I was just reading an article about Google Reader and their retrieval intervals, and thought this might be a good time to write about what NewsGator Online does. This is relevant for not only online users, but anyone who is using one of our clients (FeedDemon, NetNewsWire, Inbox, Go!, etc) in sync mode, since in that mode the clients retrieve content from our online system.
One of the more common questions/complaints we get is something about a feed not appearing to update in a timely manner. 99% of the time, it’s actually a problem with the feed – but I’ll come back to that.

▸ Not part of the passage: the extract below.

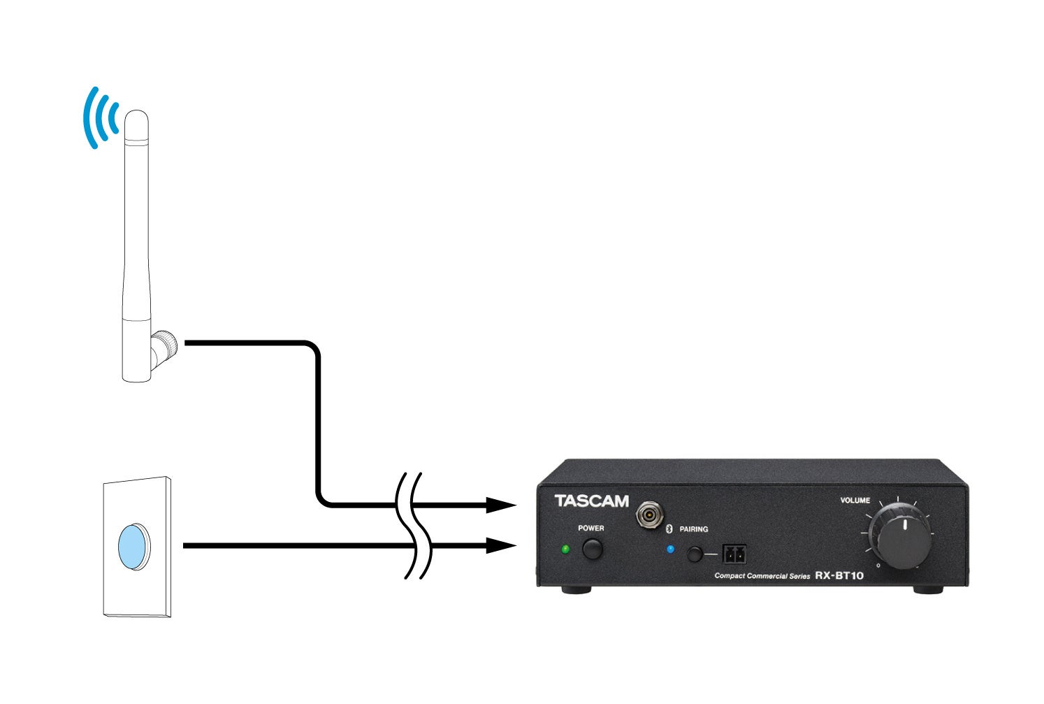 Bluetooth®アンテナを市販のRP-SMAケーブルによって延長することが可能です。また、フロントパネルのユーロブロック端子に外付けのリモートペアリングボタンを接続して延長することができ、自由度の高い設置が可能です。

There are about 2.5 million feeds in our system, and these feeds get divided into categories. They have fancy (and sometimes amusing) internal names, but for now I will describe them as follows. Also keep in mind these rules are subject to change, and in fact do change quite often to better optimize the experience for our users and our overall system load.
And before I get into all of this…note that feeds that ping our system will be updated and available typically within 60 seconds. The category the feed is in is largely irrelevant.
Category A: these are feeds that are needed by certain commercial syndication services customers with extremely tight SLAs – some of these SLAs guarantee content available within 2 minutes of publication in a feed. Feeds in this category are retrieved every 60 seconds. Exception – if a feed reliably pings our system with updates, the poll-retrieval interval may be dropped to a lower category; however, if the feed does not appear to ping us with every update, the 60 second interval remains in effect.
Category B: these are feeds with over 20 subscribers, or occasional feeds that for whatever reason are deemed “important” enough to keep in this category. Retrieval interval is 15 minutes.
Category C: these are feeds with 2-19 subscribers, and any feed that requires credentials to access. These feeds are retrieved every 1-2 hours depending on system load.
Category D: these are feeds with only 1 subscriber, which do not require credentials. If that subscriber is an “active user”, interval is 1-2 hours. If that subscriber is not very active, interval is 4-8 hours depending on load. The definition of “active” changes, but think of it as people who use the system daily-ish.
Category E: this is what we affectionately call the “penalty box.” These are feeds which have returned some kind of error, and they are “penalized” for it. For example – if a feed 404’s, it is immediately penalized for 24 hours. A 500 server error? 4 hours. Other kinds of errors (including parsing problems) cause penalties of varying lengths, taking into account how many consecutive errors we see. If a feed continues to have errors for 90 days, it will be blacklisted and no longer retrieved at all…and the only way for a feed to get off the blacklist is for it to a) fix the error(s) and then b) ping us. [I should add that 410 (gone) is not considered an error; feeds that return a 410 are immediately removed and all subscribers are unsubscribed.]
Category F: this is somewhat of a grab bag of other cases. The most visible type of feed in this category is craigslist feeds – we retrieve them on a 48-hour interval. This sucks – for you, for me, for everyone – but the problem is craigslist will throttle and blacklist us, and they seem not to be interested in solving this problem with us (we’re also not the only ones with this problem). So 48 hours is roughly the minimum interval we can get away with and minimize the chances of getting blacklisted (which takes days to undo).
By far the best way to help ensure timely updates to content is to encourage publishers to ping our system when they update (I talk about NewsGator’s ping endpoint here). A large number already do this – but there are some folks who do not. If they’re using FeedBurner, we’re already getting pinged; if they’re using another system, they may need to add NewsGator to their ping list manually. But typically, after a ping, updated content is available within 60 seconds. And as mentioned, a ping can even remove content from our blacklist.
We get a fair number of inquiries in the forums and elsewhere about feeds not updating; in nearly all of those instances, everything is actually working fine – the feed has usually fallen into category E for whatever reason. Something I’ve been thinking about is some kind of status page or something where someone can type in the name of a feed, and we’ll display status for that feed (including why it’s in the penalty box if it is)…we’ve resisted doing this because it’s just one of those things our users shouldn’t have to worry about.